FIG. 3 is a block diagram of a decoder for the first level code showing how a multiple error detection signal can be generated; and,

FIG. 4 is a schematic diagram of a 3-level error correction system in accordance with the present invention.

Referring now to FIG. 1, the layout of a typical array wafer 10 contains plurality of arrays 12 divided into two independent sections by a central segment 14 containing wiring and circuitry to address the arrays 12. This typical layout of the arrays on the chip is not important to the present invention. It is merely illustrative of the type of arrangement of high density packaging that can be used in combination with the present invention. What is of more immediate concern is the functional arrangement of the memory using this packaging.

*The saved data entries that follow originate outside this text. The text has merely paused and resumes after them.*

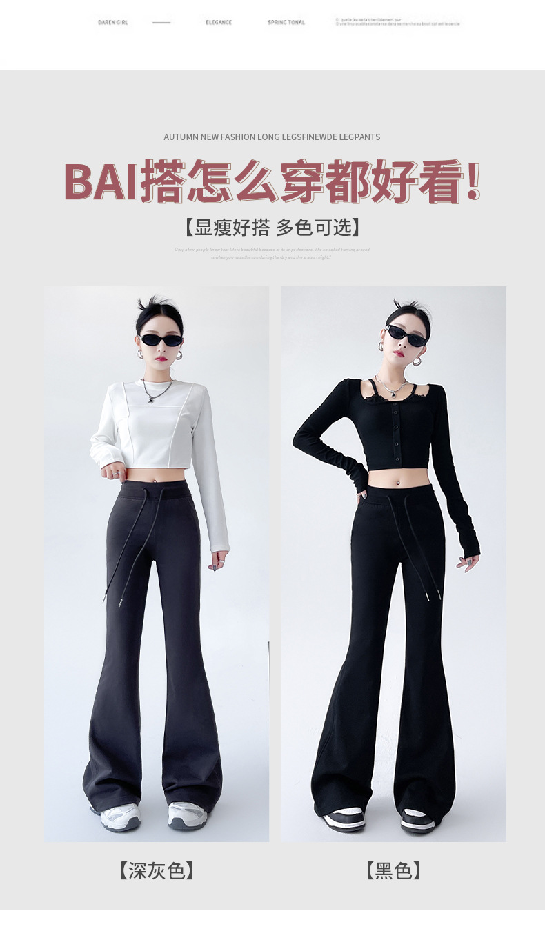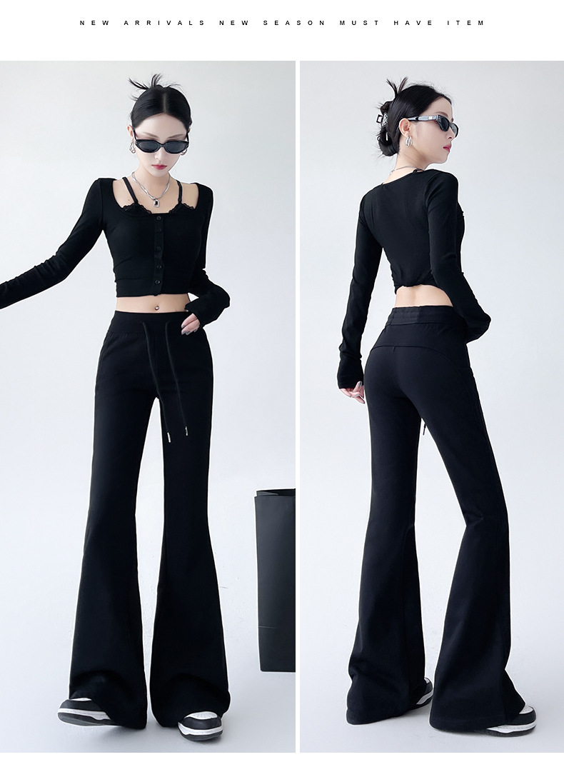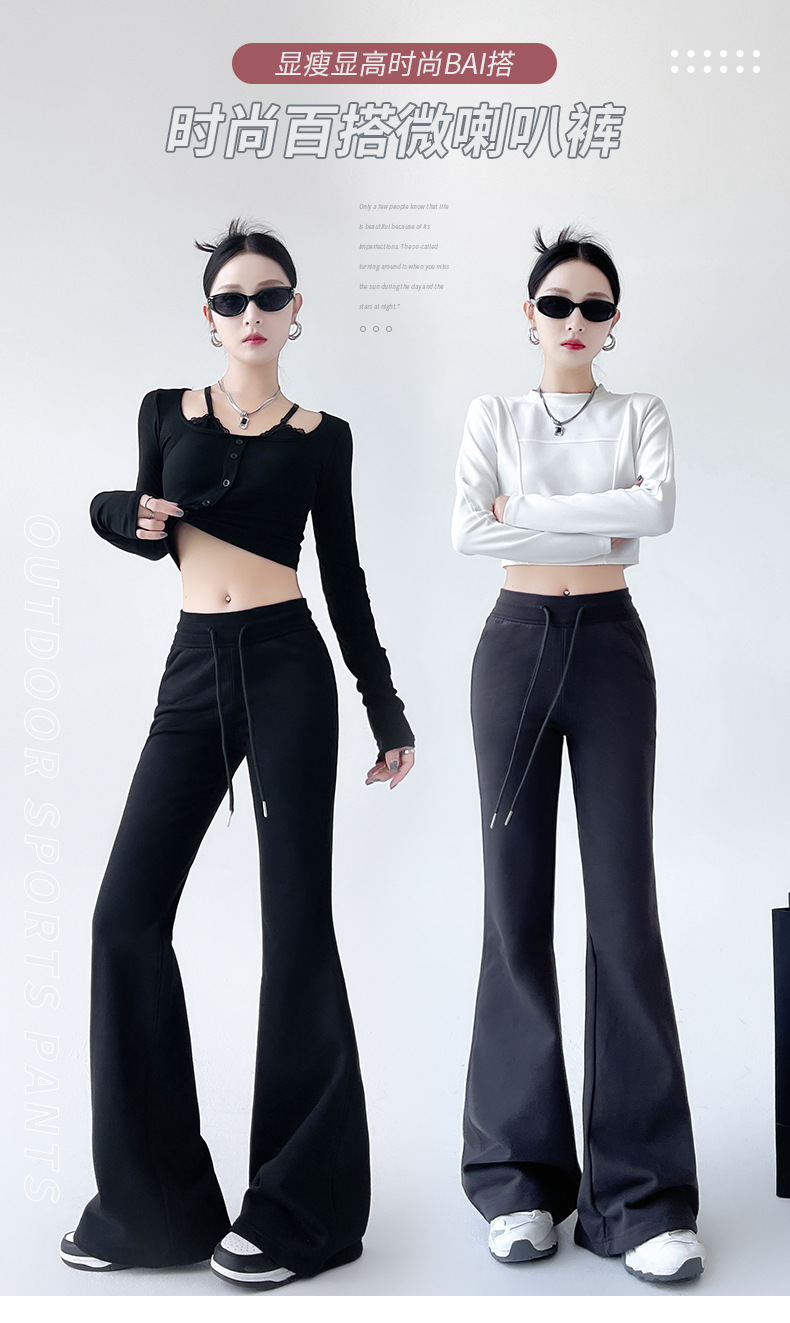 美式低腰微喇卫裤女秋季新款宽松垂感马蹄裤慵懒风休闲运动喇叭裤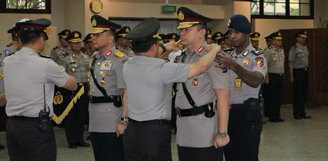 Dalam upacara itu, Kapolri memandu pengucapan sumpah jabatan.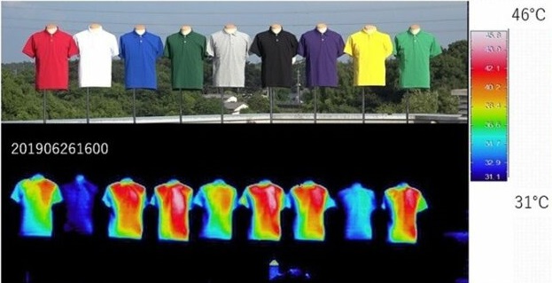 โดยเสื้อสีขาวจะมีอุณหภูมิประมาณ 30 องศาเซลเซียส ส่วนเสื้อสีดำจะมีอุณหภูมิอยู่ที่ 50 องศาเซลเซียสสำหรับผลลัพธ์ที่ได้ค่อนข้างที่จะประหลาดใจ เพราะหลายคนอาจจะมองว่า เสื้อสีเหลืองและสีแดง เป็นโทนสีที่ร้อน เมื่อใส่น่าจะรู้สึกว่าร้อนมากกว่า โดยเฉพาะเสื้อสีแดงที่เป็นสีแห่งความร้อนแรงทางจิตวิทยา แต่ความเป็นจริงกลับให้ความเย็นที่มากกว่าที่คิดซะอีก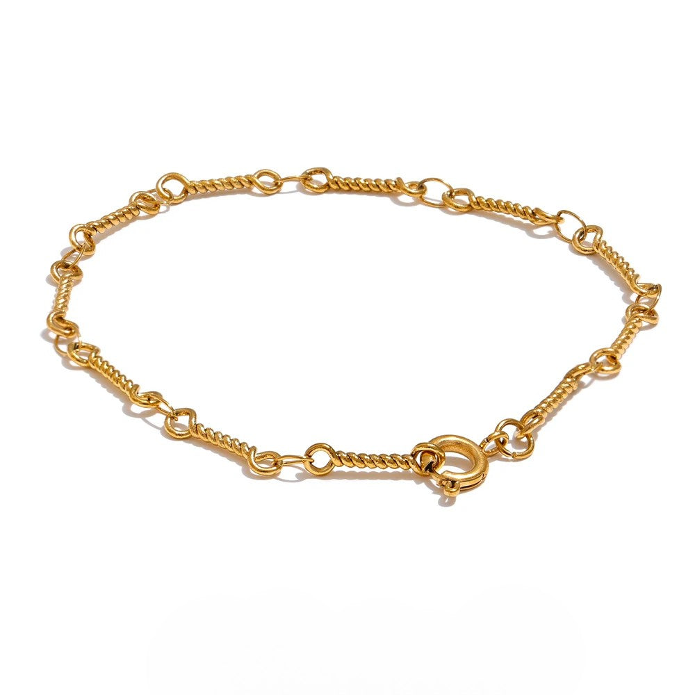 The Irina Twisted Bracelet from Huna Jewelry features a series of delicately twisted, thin metal links connected to form a sleek chain. Crafted in stainless steel with high-shine gold plating, this water-resistant piece brings texture and movement to any look. Wear it solo for a clean finish or layer it for a more dimensional stack.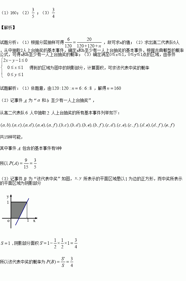 人.為了活躍氣氛,大會組委會在頒獎過程中穿插抽獎活動,并用分層抽樣的方法從三個代表隊中共抽取20人在前排就坐,其中高二代表隊有6人.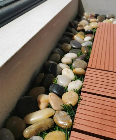 - 阳台花盆:在花盆边缘铺石子,增加美观度。

This functional arrangement is shown in FIG. 2. As shown, the stack of wafers 10 is divided functionally into a plurality of basic storage modules or blocks 16 of a memory. Each block 16 is made up of sixteen data words 18 containing 16 bytes 20 of data each. Each four words of any block 16a is contained on one of the wafers in the wafer stack with half the bytes 20 in any word 18a being in one array 12c so that a block is made up of thirty-two arrays divided equally between four wafers 10. Of course the wafers 10 contain other arrays 12 that make up words in other blocks 16 of the memory and there are other wafers 10 in the wafer stack also being used to make up words in blocks 16 of the memory.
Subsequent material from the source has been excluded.